• REQUIRED ACTION:
Would you retype the listing word for word, skipping its pictures?

• INPUT DATA:
Start of Block

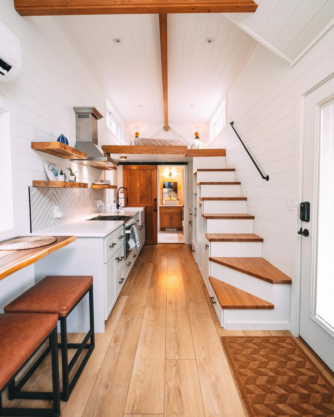 This tiny house kitchen feels like a breath of crisp Scandinavian air—sleek, sunlit, and immaculately put together. The pale wood floors warm up the clean white walls, while slimline shelving and clever storage keep things feeling light and effortless. Those wood-topped steps leading to the loft? They’re basically whispering “curl up with a book and coffee.”
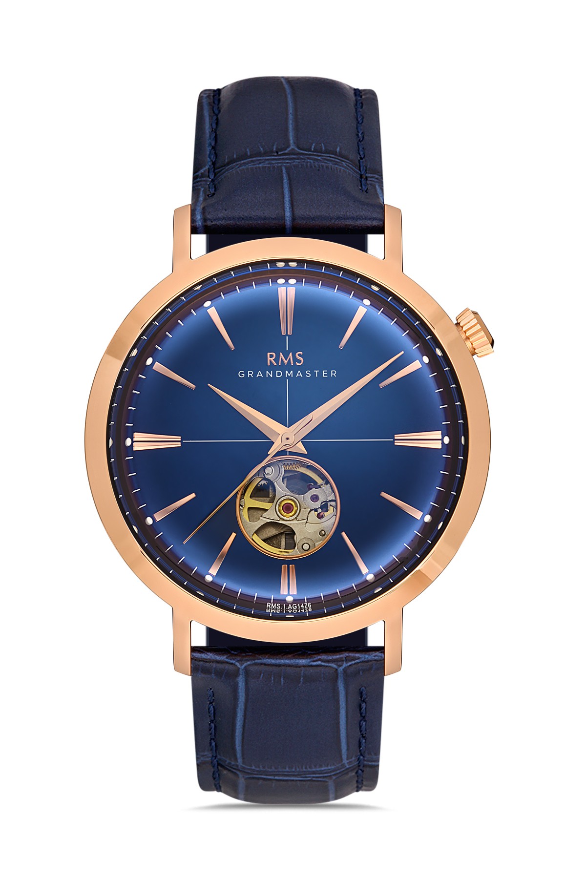Erkek - Otomati̇k - Rose - Mavi̇ - Doğal Deri̇ Kordon - Mavi̇ - 3 Atm - Sertleşti̇ri̇lmi̇ş Mi̇neral Cam - Grand Romanson
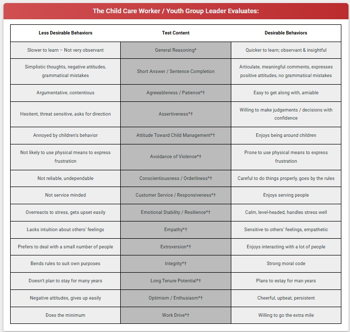 - Child Care Worker / Youth Group Leader – Personality Only (20 Min.) – A job-specific behavioral screener created for workers in education and daycare settings consisting of an untimed personality assessment targeting behaviors specific to this type of job.
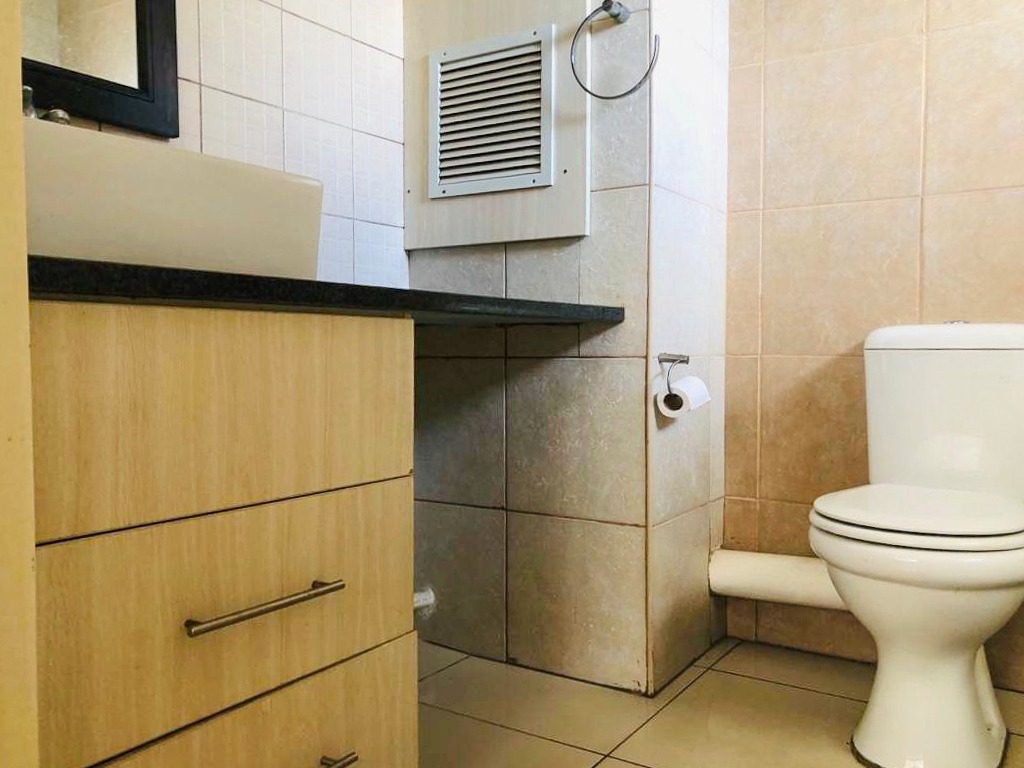 The well-sized bedroom includes built-in cupboards, providing ample storage space, while the neat bathroom is fitted with a shower, basin, and toilet for your convenience. Occupation can be arranged immediately upon delivery of guarantees.

End of Block

• EXERCISE RESPONSE:
 This tiny house kitchen feels like a breath of crisp Scandinavian air—sleek, sunlit, and immaculately put together. The pale wood floors warm up the clean white walls, while slimline shelving and clever storage keep things feeling light and effortless. Those wood-topped steps leading to the loft? They’re basically whispering “curl up with a book and coffee.”
Erkek - Otomati̇k - Rose - Mavi̇ - Doğal Deri̇ Kordon - Mavi̇ - 3 Atm - Sertleşti̇ri̇lmi̇ş Mi̇neral Cam - Grand Romanson
 - Child Care Worker / Youth Group Leader – Personality Only (20 Min.) – A job-specific behavioral screener created for workers in education and daycare settings consisting of an untimed personality assessment targeting behaviors specific to this type of job.
 The well-sized bedroom includes built-in cupboards, providing ample storage space, while the neat bathroom is fitted with a shower, basin, and toilet for your convenience. Occupation can be arranged immediately upon delivery of guarantees.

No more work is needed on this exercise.